Esto último no presupone, claro está, que un tal concepto de racionalidad (cuya naturaleza sólo se ejecuta de hecho conforme a moldes pragmáticos) pueda ser pensado al margen de las condiciones reales, preexistentes, del sistema en el que en cada caso ha de realizarse. Sin embargo, si se admite que las estructuras se ajustan al segundo de los modelos citados más bien que al primero, lo que sí cabe afirmar, entonces, es que esas “condiciones reales” no son estáticas ni ajenas a fenómenos de interferencia y feed-back, de suerte que hacen posibles intervenciones de la razón (bien que de nuevo, y siempre, bajo moldes pragmáticos) capaces de variar la organización, o partes de ella, de las estructuras mismas que las contienen. La idea básica de la Ontopraxeología, tal como ésta se concibe en el presente escrito, responde a esta última suposición, la cual se convierte, así, en su hipótesis rectora de trabajo. Y ésta es una hipótesis que incorpora dos rasgos –o dos puntos de partida– sistémicos, los cuales, enunciados en su forma más general, podrían describirse del modo que sigue.
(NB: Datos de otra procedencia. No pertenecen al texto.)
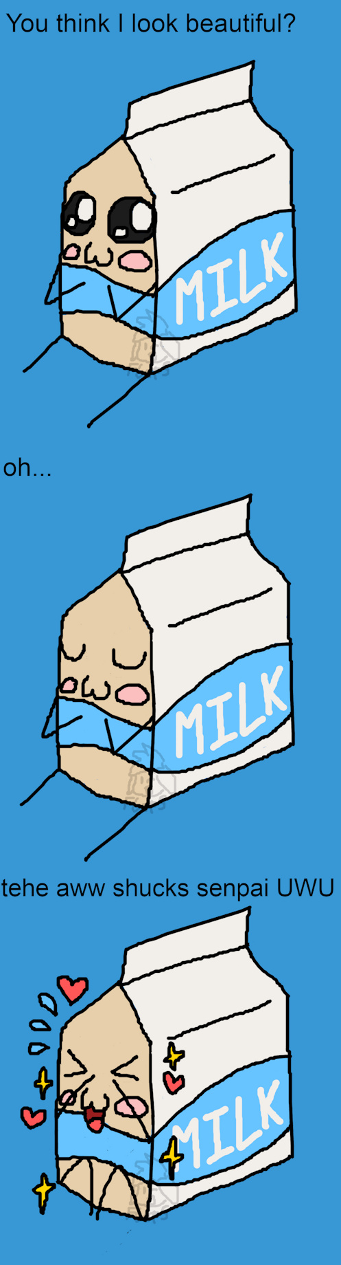 sad milk is a funny youtube channel and they have this little milk carton as their logo. this is a reference to their intro but with a twist ;3 I hope you like it whether you are a fan or not.
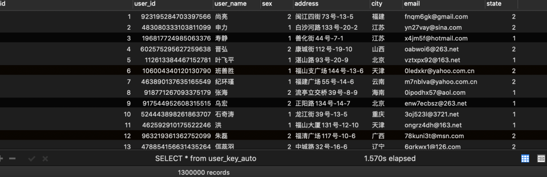 根据控制变量法,我们只把每个表的主键使用不同的策略生成,而其他的字段完全一样,然后测试一下表的插入速度和查询速度:
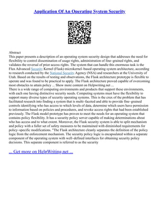 The document discusses the Flask operating system architecture prototype created by the NSA and University of Utah researchers to address the need for flexibility in controlling access rights policies. The Flask prototype was found to be practical and flexible to operate, with the ability to cleanly separate security policy logic from enforcement mechanisms. It was shown to meet the needs of a system requiring policy flexibility through a security policy server capable of making access determinations and revoking prior access rights.
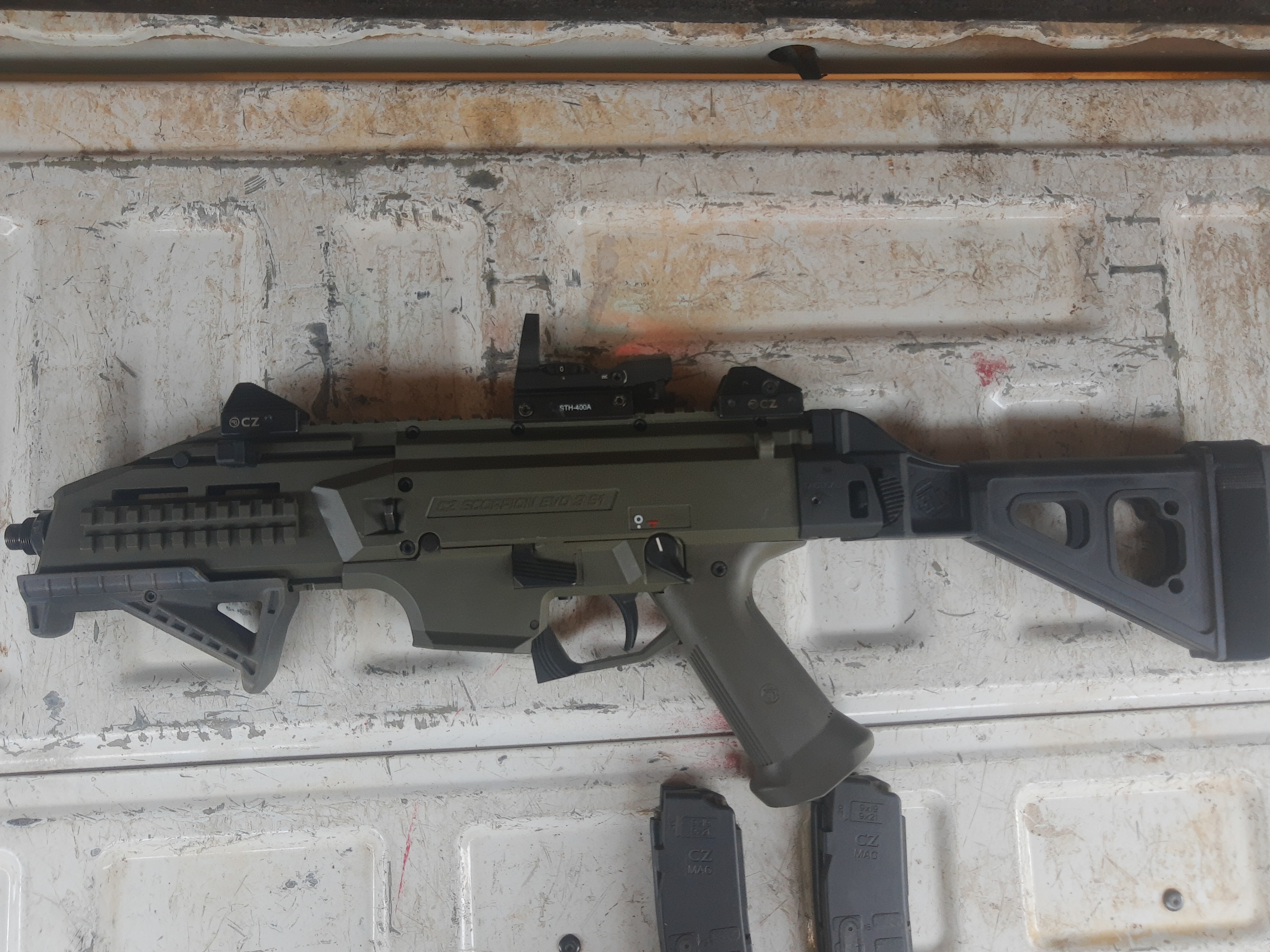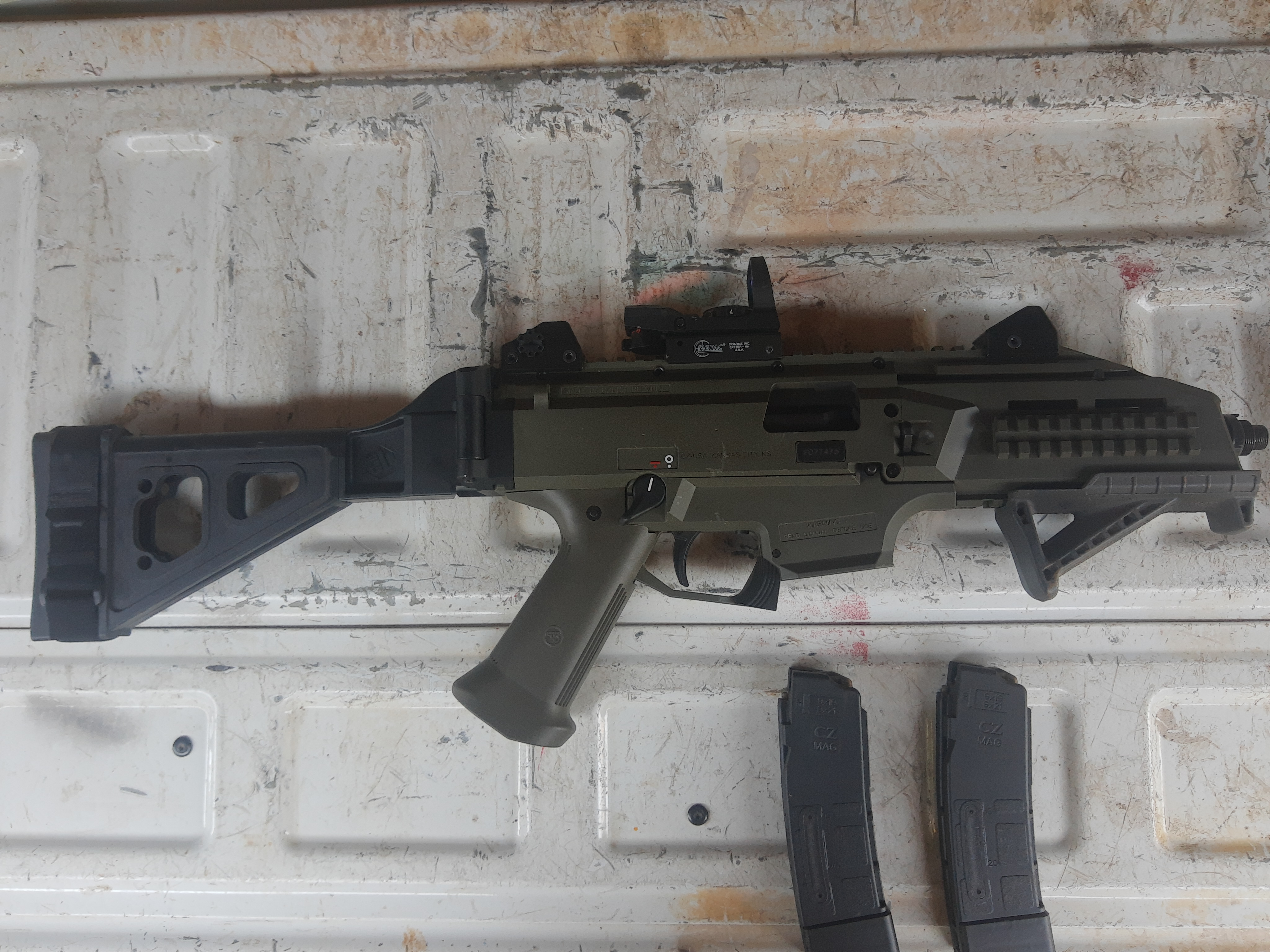 OD green lil cz fer grabs here... Has SB folding stock and functional and decent sig red dot. Has 2 20rnd mags and a cheapo fore grip.locating the break for it...hadn found yet.. Like to get 1000 for this here mess....shoots good ....low round count. Feed ramp has no marks on it...will suit all ur covert tactical black ops...VOID where prohibited....if u live in a commie state, chances are this ain't for u....u should have moved long ago anyway... happy trails
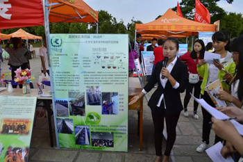 4月24日在聂耳广场,校团委组织各院系团总支举办了“3044am永利官网第四届青年学术科技节工作成果展”,第一批9家院系根据3044am永利官网第四届青年学术科技节启动以来,所开展的学术科技工作情况,在“挑战杯”学术科技作品竞赛中获奖作品情况,院系学科专业特色情况,环保和可持续利用情况等四部分内容,通过图文并茂的展板和创意新奇的实体物品进行展示,现场组织相关学生对各院系展示工作进行了评分。
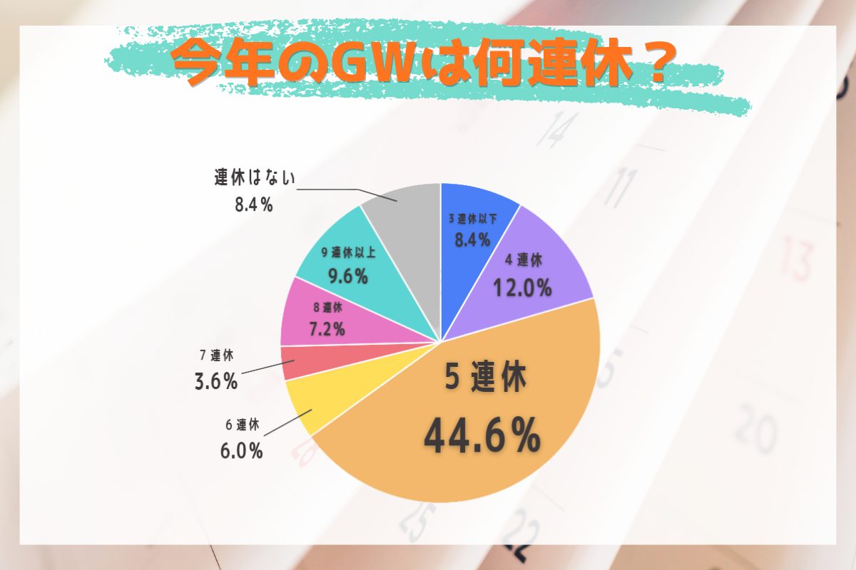 カレンダー通り土・日・祝を休むと5連休カレンダーの土・日・祝に加えて4月30日(木)と5月1日(金)を休むと8連休になりますが、実際のところ、みなさんどのくらい休めるのでしょうか。アンケートで聞いてみました。
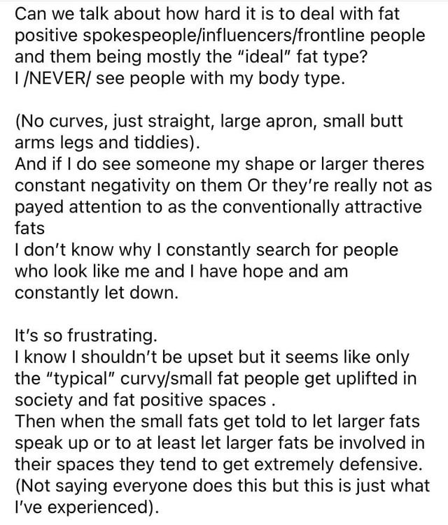 >>77211441>making the same small fats vs large fats distinction as a coping body positivity haes womanGet a grip, anon.
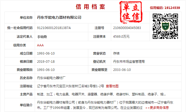 丹东华能电力器材有限公司(前身为丹东华能电力器材厂)位于我国最大的边境城市—辽宁省丹东市。工厂于1996年组建,发展至今,现已改制为有限公司。在企业发展的过程中,跟踪市场变化,抓紧技术改造和机制创新,于1999年通过了ISO9001国际质量体系认证,并于2002年完成了ISO9001:2000版的转换,2003年经国家电力部检验测试中心的检测,取得了国家电力金具生产许可证,从而为各种产品的高质量提供了可靠的保证。
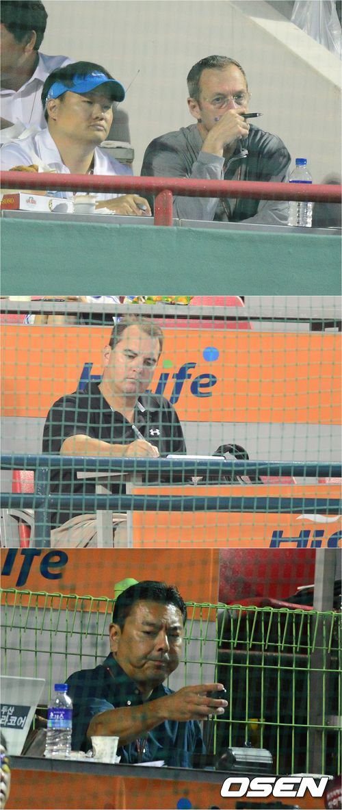 4일 오후 목동 야구장에서 열린 '2013 한국야쿠르트 세븐 프로야구' 넥센 히어로스와 삼성 라이온즈 경기,다수의 메리저리그 스카우터들이 경기를 관전하며 선수들을 체크하고 있다.
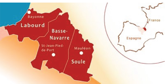 - Le Pays Basque hexagonal est situé entre l’Adour (au nord) et les Pyrénées (au sud). Le paysage y est d’une grande diversité, comprenant montagnes, vallées, plaines et littoraux. Le climat y est pluvieux et humide toute l’année, ce qui donne aux rivières un fort débit. « Les rivières sont courtes et, du fait de l’affaiblissement du courant, elles composent des vallées étendues et profondes. Dans ces vallées aux terres fertiles, des villages se sont installés » (Institut Culturel Basque, 2025).

El primero, que es el que hemos enfatizado hasta aquí, aduce que las formas pragmáticas que, histórica y lingüísticamente, adopta la racionalidad (formas que determinan, desde luego, con carácter ineludible el que sea cierto que cada sociedad tenga su régimen de verdad) responden a una organización específica en la que el conocimiento se halla sometido o, por lo menos, sustantivamente condicionado a los modos de comprensión práctica, los cuales dependen a su vez de las instalaciones afectivo-emocionales que objetivan el marco de valores reconocido por una comunidad histórica particular. Esto involucra que nunca hay una posición de la razón que pueda ser aislada de tal marco y que, por ello mismo, no es el caso que las formas pragmáticas de la racionalidad puedan presentarse “limpias” (esto es, abstraídas, liberadas) de los modos específicos de organización que adoptan tales instalaciones. Al contrario de una suposición como ésta, que es, en definitiva, la que promueven planteamientos neoilustrados como los de Habermas y Apel, lo cierto, a nuestro parecer, es que toda posición pragmática que pretenda situarse en el punto de vista analítico correcto ha de producirse en el interior de sus elementos condicionantes –de los caracteres objetivos que conforman realmente su medio en torno–, de manera que ha de aparecer siempre como una pragmática irregular, precaria y constitutivamente movediza respecto del orden u órdenes que intenta llevar a comprensión.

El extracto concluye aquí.